* What to work on
Output the entries exactly as they appear. Pictures should not be included.
[Supplied data — start]
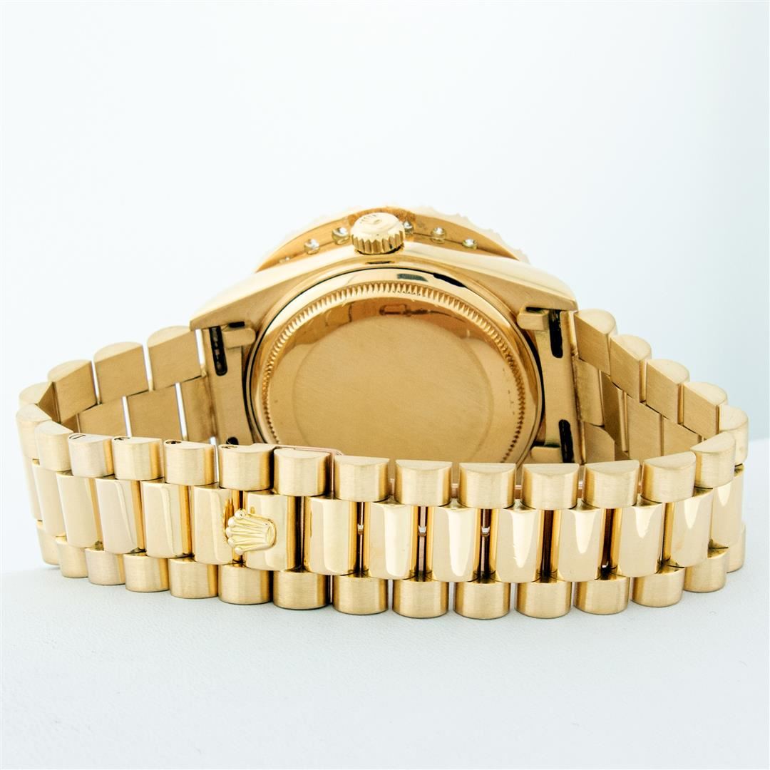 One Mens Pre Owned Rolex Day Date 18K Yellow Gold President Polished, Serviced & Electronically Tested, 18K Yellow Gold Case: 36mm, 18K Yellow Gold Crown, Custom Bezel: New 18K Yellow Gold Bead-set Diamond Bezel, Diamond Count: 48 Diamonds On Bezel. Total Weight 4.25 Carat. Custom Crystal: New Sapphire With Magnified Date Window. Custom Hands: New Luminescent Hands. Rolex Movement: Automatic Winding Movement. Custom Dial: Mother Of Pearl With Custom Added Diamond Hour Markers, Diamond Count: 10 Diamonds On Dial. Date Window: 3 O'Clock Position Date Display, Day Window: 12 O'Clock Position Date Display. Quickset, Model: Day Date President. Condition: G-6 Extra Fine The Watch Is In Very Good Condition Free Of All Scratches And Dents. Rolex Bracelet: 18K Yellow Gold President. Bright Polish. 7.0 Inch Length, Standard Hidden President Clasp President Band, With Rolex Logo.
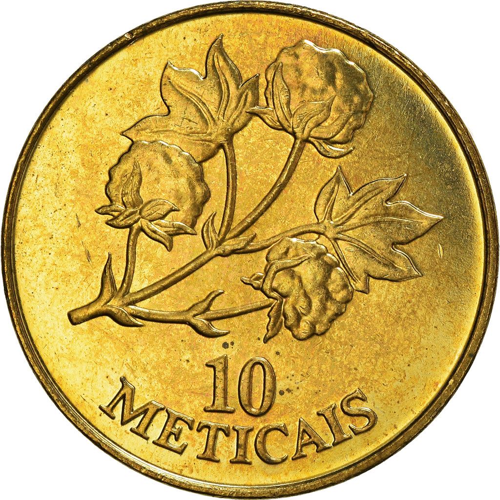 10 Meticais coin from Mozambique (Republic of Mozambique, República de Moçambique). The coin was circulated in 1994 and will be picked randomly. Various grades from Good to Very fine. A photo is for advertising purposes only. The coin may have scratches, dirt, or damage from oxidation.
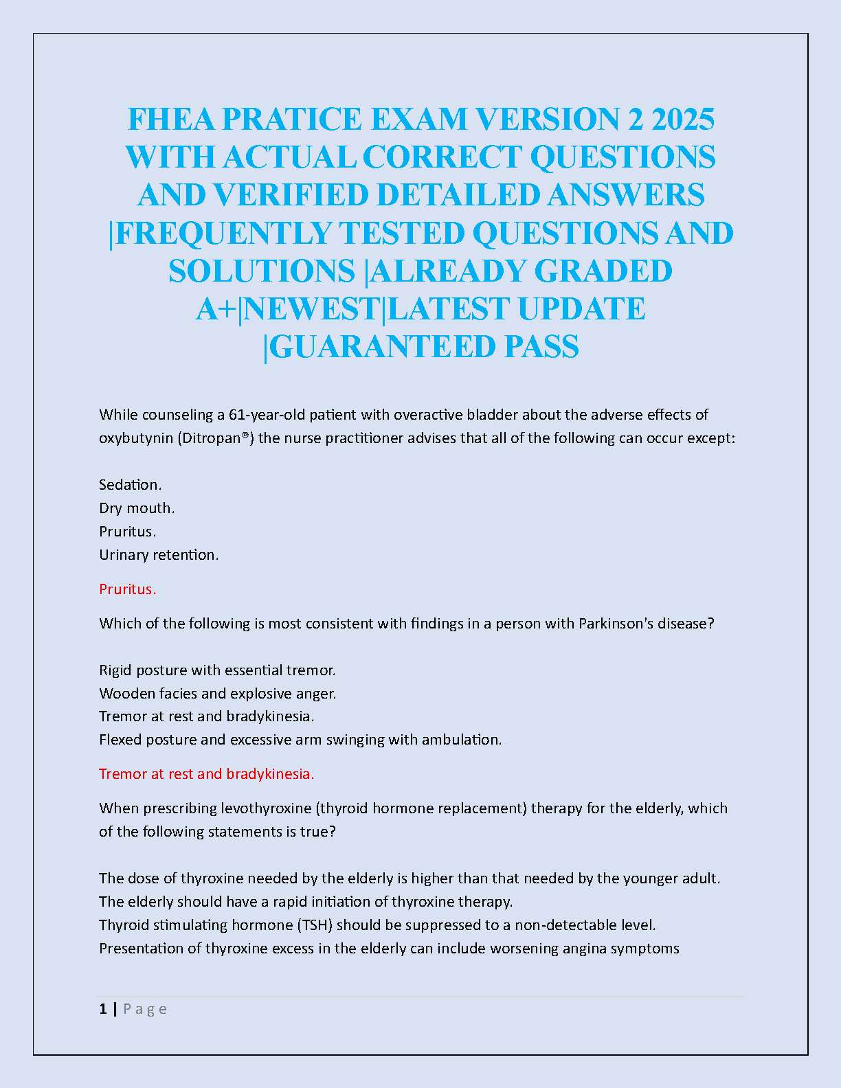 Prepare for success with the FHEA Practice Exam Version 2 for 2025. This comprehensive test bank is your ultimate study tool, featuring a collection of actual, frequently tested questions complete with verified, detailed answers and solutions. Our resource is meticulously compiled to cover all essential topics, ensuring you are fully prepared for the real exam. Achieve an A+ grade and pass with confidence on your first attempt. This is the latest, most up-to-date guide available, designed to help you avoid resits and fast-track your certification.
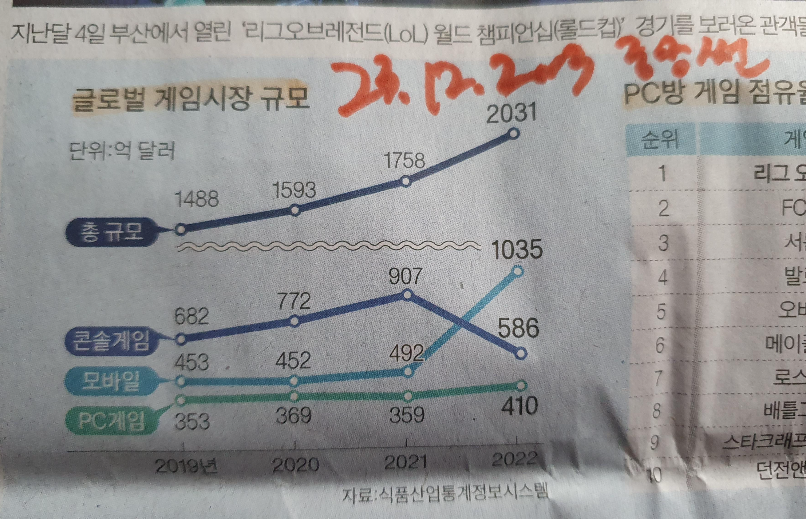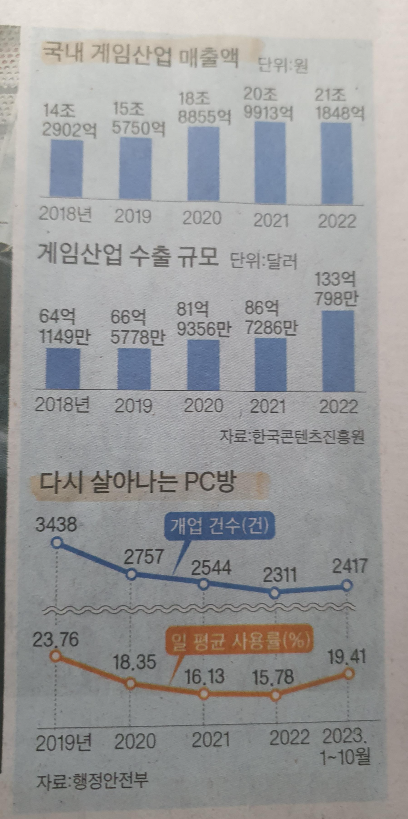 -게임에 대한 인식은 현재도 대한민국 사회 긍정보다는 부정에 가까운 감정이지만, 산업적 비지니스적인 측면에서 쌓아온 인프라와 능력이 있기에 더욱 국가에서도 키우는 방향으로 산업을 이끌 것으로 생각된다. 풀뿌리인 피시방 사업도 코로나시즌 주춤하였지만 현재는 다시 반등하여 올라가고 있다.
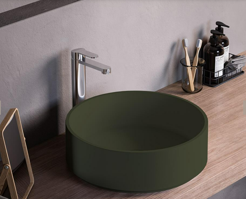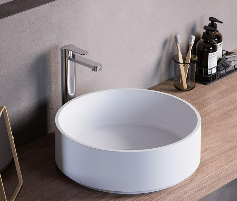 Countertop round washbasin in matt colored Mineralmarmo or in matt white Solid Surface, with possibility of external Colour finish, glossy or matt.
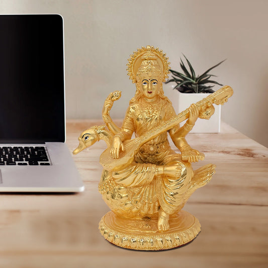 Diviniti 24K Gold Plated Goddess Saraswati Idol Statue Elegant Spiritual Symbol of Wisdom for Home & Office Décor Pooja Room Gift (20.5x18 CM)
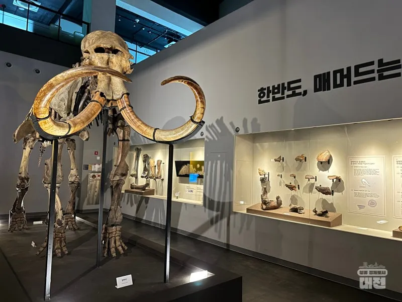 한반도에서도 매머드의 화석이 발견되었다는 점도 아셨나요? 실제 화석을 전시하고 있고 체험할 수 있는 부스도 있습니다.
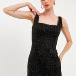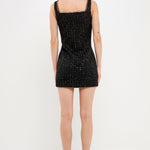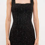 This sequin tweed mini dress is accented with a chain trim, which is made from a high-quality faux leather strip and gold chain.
[Supplied data — finish]
* Answer below
 One Mens Pre Owned Rolex Day Date 18K Yellow Gold President Polished, Serviced & Electronically Tested, 18K Yellow Gold Case: 36mm, 18K Yellow Gold Crown, Custom Bezel: New 18K Yellow Gold Bead-set Diamond Bezel, Diamond Count: 48 Diamonds On Bezel. Total Weight 4.25 Carat. Custom Crystal: New Sapphire With Magnified Date Window. Custom Hands: New Luminescent Hands. Rolex Movement: Automatic Winding Movement. Custom Dial: Mother Of Pearl With Custom Added Diamond Hour Markers, Diamond Count: 10 Diamonds On Dial. Date Window: 3 O'Clock Position Date Display, Day Window: 12 O'Clock Position Date Display. Quickset, Model: Day Date President. Condition: G-6 Extra Fine The Watch Is In Very Good Condition Free Of All Scratches And Dents. Rolex Bracelet: 18K Yellow Gold President. Bright Polish. 7.0 Inch Length, Standard Hidden President Clasp President Band, With Rolex Logo.
 10 Meticais coin from Mozambique (Republic of Mozambique, República de Moçambique). The coin was circulated in 1994 and will be picked randomly. Various grades from Good to Very fine. A photo is for advertising purposes only. The coin may have scratches, dirt, or damage from oxidation.
 Prepare for success with the FHEA Practice Exam Version 2 for 2025. This comprehensive test bank is your ultimate study tool, featuring a collection of actual, frequently tested questions complete with verified, detailed answers and solutions. Our resource is meticulously compiled to cover all essential topics, ensuring you are fully prepared for the real exam. Achieve an A+ grade and pass with confidence on your first attempt. This is the latest, most up-to-date guide available, designed to help you avoid resits and fast-track your certification.
 -게임에 대한 인식은 현재도 대한민국 사회 긍정보다는 부정에 가까운 감정이지만, 산업적 비지니스적인 측면에서 쌓아온 인프라와 능력이 있기에 더욱 국가에서도 키우는 방향으로 산업을 이끌 것으로 생각된다. 풀뿌리인 피시방 사업도 코로나시즌 주춤하였지만 현재는 다시 반등하여 올라가고 있다.
 Countertop round washbasin in matt colored Mineralmarmo or in matt white Solid Surface, with possibility of external Colour finish, glossy or matt.
 Diviniti 24K Gold Plated Goddess Saraswati Idol Statue Elegant Spiritual Symbol of Wisdom for Home & Office Décor Pooja Room Gift (20.5x18 CM)
 한반도에서도 매머드의 화석이 발견되었다는 점도 아셨나요? 실제 화석을 전시하고 있고 체험할 수 있는 부스도 있습니다.
 This sequin tweed mini dress is accented with a chain trim, which is made from a high-quality faux leather strip and gold chain.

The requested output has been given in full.